Notice, however, how Jesus draws us into the picture! Who do you and I identify with in the parable? Are we thinking about times that we have experienced forgiveness for wrongs for which we have sought pardon? Or, are we thinking of wrongs that others have done to us and for which they ask our pardon?

At the end of Scene 1 we are delighted that a man's huge debt has been set aside. But Scene faces us with the uncomfortable truth about ourselves. We too have selective memories. We too insist on our rights. We too would rather hang on to grievances than forgive those who seek mercy. Too easily we forget grace has been extended to us. We ignore wrongs that we have done to others but keep score of the wrongs done to us. 'We have been thoughtless in our judgments, hasty in condemnation, grudging in forgiveness.' (Covenant Service, Uniting in Worship, p69.)

This episode begins with Peter thinking about the measurable limits of grace.
It ends with a parable that shows how hard it is forgive one person and how easy it is to be a hypocrite.

At its heart the Parable of the Unforgiving Servant is about the unsurpassable grace of God - the God whose good and righteous purposes for our life together all of us have rejected. We are the man who cannot repay the 'debt' to God for the ways in which we have wronged him. We are the man whose 'debt', incredibly, is forgiven! We are the man who forgets that the magnificence of God's undeserved love for us is to be lived out in our relationships as 'fellow-servants' of Christ.

In the parable Jesus points us to the astounding mercy of God, to whom we owe a debt that cannot be repaid.
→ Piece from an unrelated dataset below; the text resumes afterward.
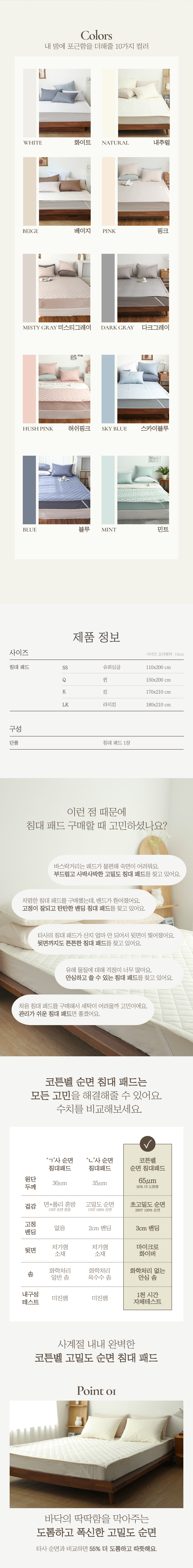 코튼벨 40수 고밀도 면 고정밴드 침대패드 SS/Q/K/LK 10colors

It summons us to show the same mercy to those who 'owe us'. And it warns us that failure to do so is a 'wicked' violation of our calling that will be severely punished (v35). God is rightfully 'angry' when grace received is not grace given!

This is a hard saying. But it awakens us to the magnificence of God's transforming grace that has been displayed for us and all people in the person and ministry of Christ. This is splendidly expressed Isaac Watt's hymn 'When I survey the wondrous cross' (Together in Song, 342).

Let us earnestly pray that we may be servants of the King of Kings, whose 'sovereign grace (as Charles Wesley knew) to all extends, immense and unconfined ... to reach all human kind' (Together in Song, 122). Let us not forget that, as people who owe God a 'debt of gratitude' for 'not counting our sins against us' (2 Corinthians 5:16ff), we are called to forgive those who have wronged us and sought our pardon.

Therefore, as God has been gracious beyond measure to us and set us free to serve him, let us rejoice in the gift of grace and 'receive' each other as we have been 'received' - as undeserving recipients of the immeasurable love of God!

Prayer: Father of goodness and mercy, in the name of Jesus Christ and in the power of the Holy Spirit, forgive us our debts as we also have forgiven our debtors. Amen _________________________________

Rev Dr Max Champion is Minister in the St John's Uniting Church, Mt Waverley, Victoria, Australia.

Dr Champion is a member of the Board of the Assembly of Confessing Congregations within the UCA.